Peut-on encore présenter Gaspar Noé ? Le cinéaste argentin (mais en France depuis sa jeunesse), trublion du cinéma français est de retour. Depuis son premier film (Seul contre tous l’odyssée vengeur d’un boucher chevalin) à dernièrement avec Climax, tout en passant par Irréversible, Gaspar Noé n’a pas cessé de provoqué des polémiques. Et cela ne risque pas de s’arrêter avec son nouvel opus, Climax, qui depuis le festival de Cannes monopolise l’attention. Focus.
Cinéma du malaise et de l’outrance, Gaspar Noé signe son grand retour. Après un Love, imparfait, qui était sans aucun doute le film le plus grand public de sa carrière, le cinéaste signe un film qui peut s’apparenter à un film d’horreur différent de tout ce que l’on a jamais vu.
Première image. Un blanc total. Seulement perturbé par l’apparition d’une femme, rampant dans la neige, laissant avec elle des trainées de sang. Tout est dis. Climax sera un film brutal qui ne laissera pas de répit à son public.

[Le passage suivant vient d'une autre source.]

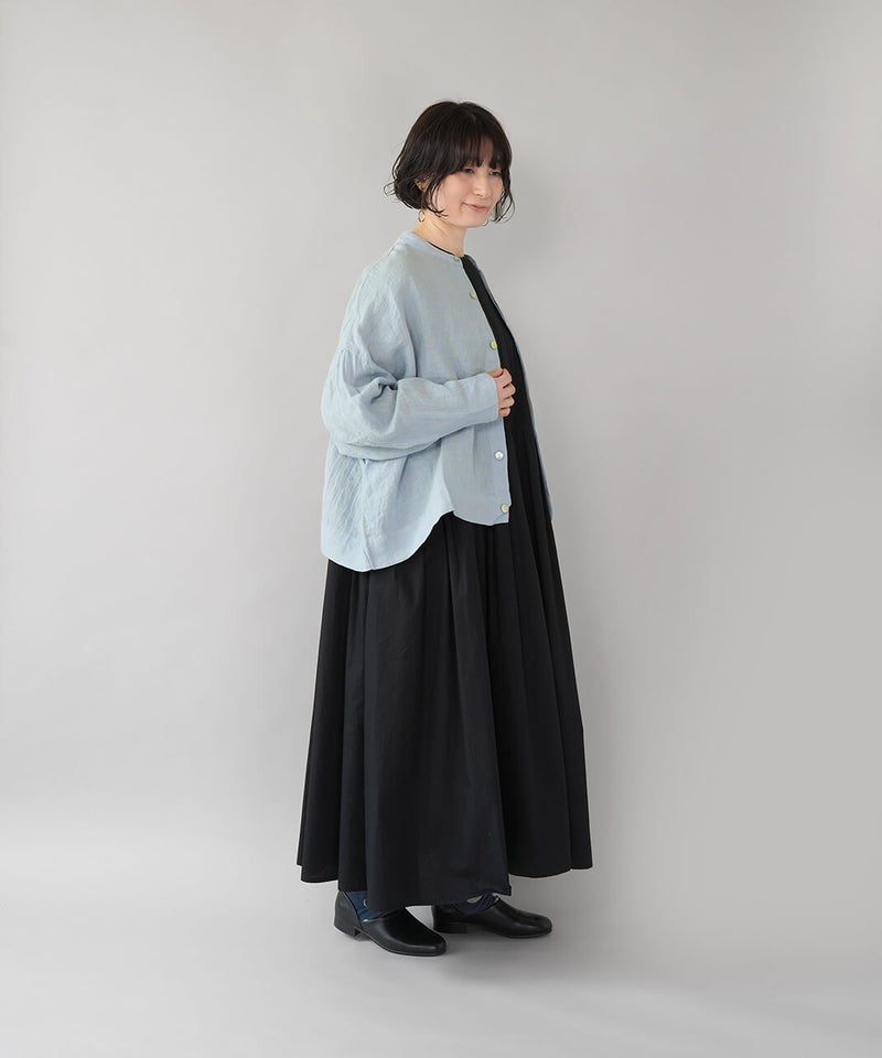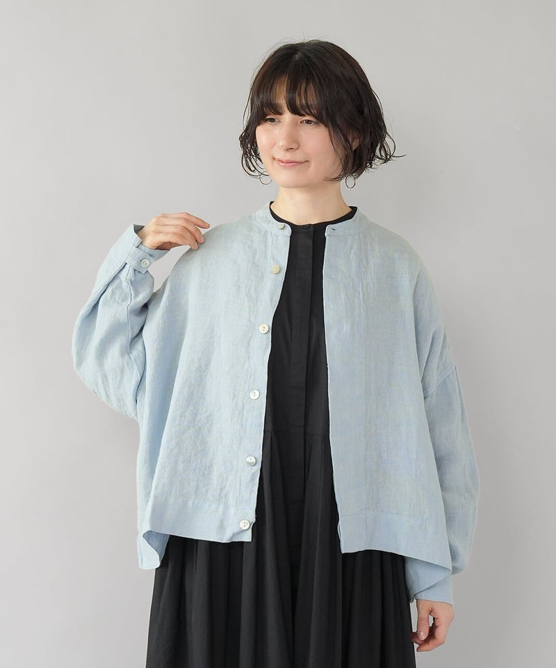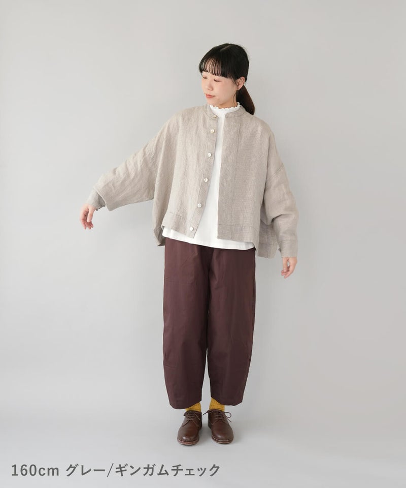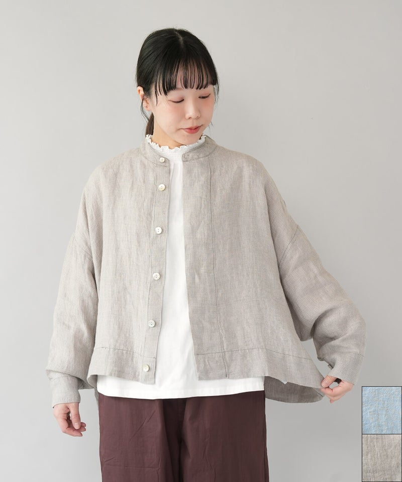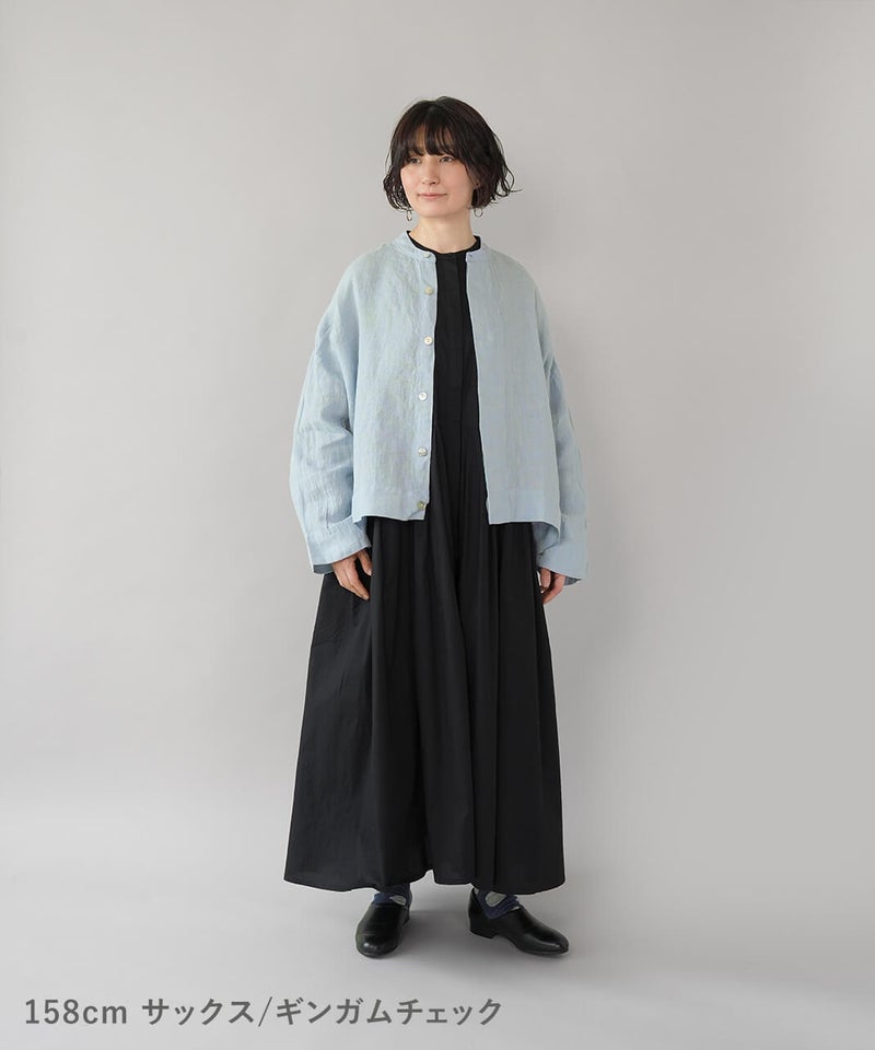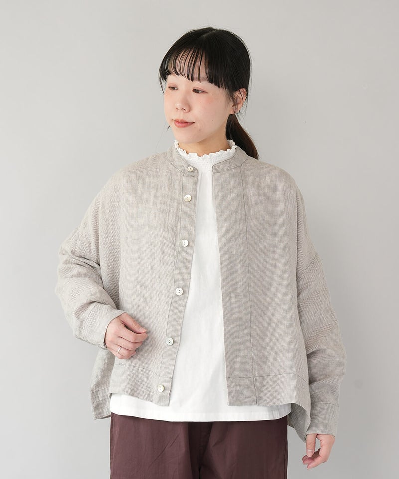 さらりとした肌ざわりが心地よい、麻100%のジャケットです。細かなギンガムチェックの薄手の生地で、リネンならではの清涼感が感じられます。汗ばむ季節の羽織りとしてはもちろん、冷房のきいた室内でさっと羽織るのにも。軽やかな着心地で、季節の変わり目にも頼りになります。袖口のボタンを留めると、ふんわりとしたボリューム袖に。前立ては太めの比翼仕立てで、身幅はゆったりと、丈はやや短め。こだわりの詰まった1着です。その日の装いに合わせて、表情の変化が楽しまめす。

Il y a deux films dans Climax. Tout d’abord un film qui s’apparente plus à de l’art contemporain, à l’expérimentation vidéo et chorégraphique qui montre des danseurs danser sur Supernature de Cerrone. Filmé intégralement en plan séquence, et ce, de manière virtuose, Noé montre la danse de manière inédite. Jamais on aura filmé des danseurs de cette façon. Ceux-ci sont filmés de façon à montrer leurs beautés, leurs fougues et leurs jeunesses. Avec à leur tête Sofia Boutella, qui impressionne. Seule actrice professionnelle, on a l’occasion de la redécouvrir et de la voir telle que l’on n’a jamais vu. Dans un rôle bien différent de Kingsman, ou La Momie, elle signe ici l’une de ses meilleures performances qui est fascinante par son intensité. Quand aux autres acteurs, que des inconnus, issus d’ethnies différentes mais représentant différentes sexualités (présence de transgenre, gay, lesbienne, hétéro etc.). Leurs performances est à saluer, malgré quelques moments de faiblesses dans les dialogues (bien que le dialogue sur la sodomie entre deux personnages noirs s’annonce comme une futur scène culte). Faiblesses contre-balancées par des performances physiques impressionnantes.
La deuxième partie, elle, est un véritable film d’horreur. L’intrigue est on ne peut plus simple. Alors que la bande de danseurs font la fête après une dure journée de répétition, un petit malin glisse du LSD dans la sangria. Et à partir de ce moment là, le récit s’emballe et se transforme progressivement en horreur pur et dur. Filmé en plan séquence, faisant au moins 45 minutes, l’horreur intervient progressivement, tel un lent crescendo. Partant de crise de panique allant jusqu’à l’orgie et la crise d’épilepsie, avec un passage à tabac de femme enceinte, des affrontements etc. Gaspar Noé ne se limite pas dans la violence. Sans être qualifié de gore, elle nécessite d’être particulièrement accroché et d’être prêt à être extrêmement mal à l’aise. Malaise, renforcé par l’utilisation de la caméra et du son, provoquant inévitablement des vertiges. Ici, la caméra et l’intrigue sont très clairs au début, trés lisible, avant de basculer de manière irrémédiable de façon chaotique, traduisant l’état d’esprit des personnages alors au bord de la folie. Technique déjà employée par Noé dans Irréversible, mais qui commençait cette fois de manière chaotique mais finissait de manière très compréhensible.
Gaspar Noé se surpasse ici. Il filme les événements d’une main de maître. Le film est composé notamment de deux très longs plans-séquences spectaculaires. La photographie est, elle, absolument parfaite, et témoigne d’une maitrise de la lumière quasi unique dans le cinéma français. L’utilisation de la musique est, elle aussi, impressionnante, avec notamment l’apparition très ironique de Tainted Love dans une situation extrêmement éprouvante. Ou encore la vision poétique d’un réveil après une nuit de cauchemar sur une version instrumentale d’Angie des Stones. Tout cela ne sert évidemment pas à servir un message. Le seul message que l’on peut trouver dans ce film est un « ne prenez pas de la drogue, c’est dangereux ». Or, Gaspar Noé n’est pas un cinéaste du message mais de l’expérience. Un cinéaste qui cherche par tous les moyens à provoquer les émotions les plus violentes qui soient. Allant jusqu’à forcer certains spectateurs à sortir de la salle.
Les plus sensibles auront du mal à tenir devant Climax qui n’a aucun pitié envers son public. Pour les autres, amateurs d’expériences fortes et de masochisme cinématographique, Climax est du pain béni. Mais une chose est sûre. Vous ne serez pas prêts.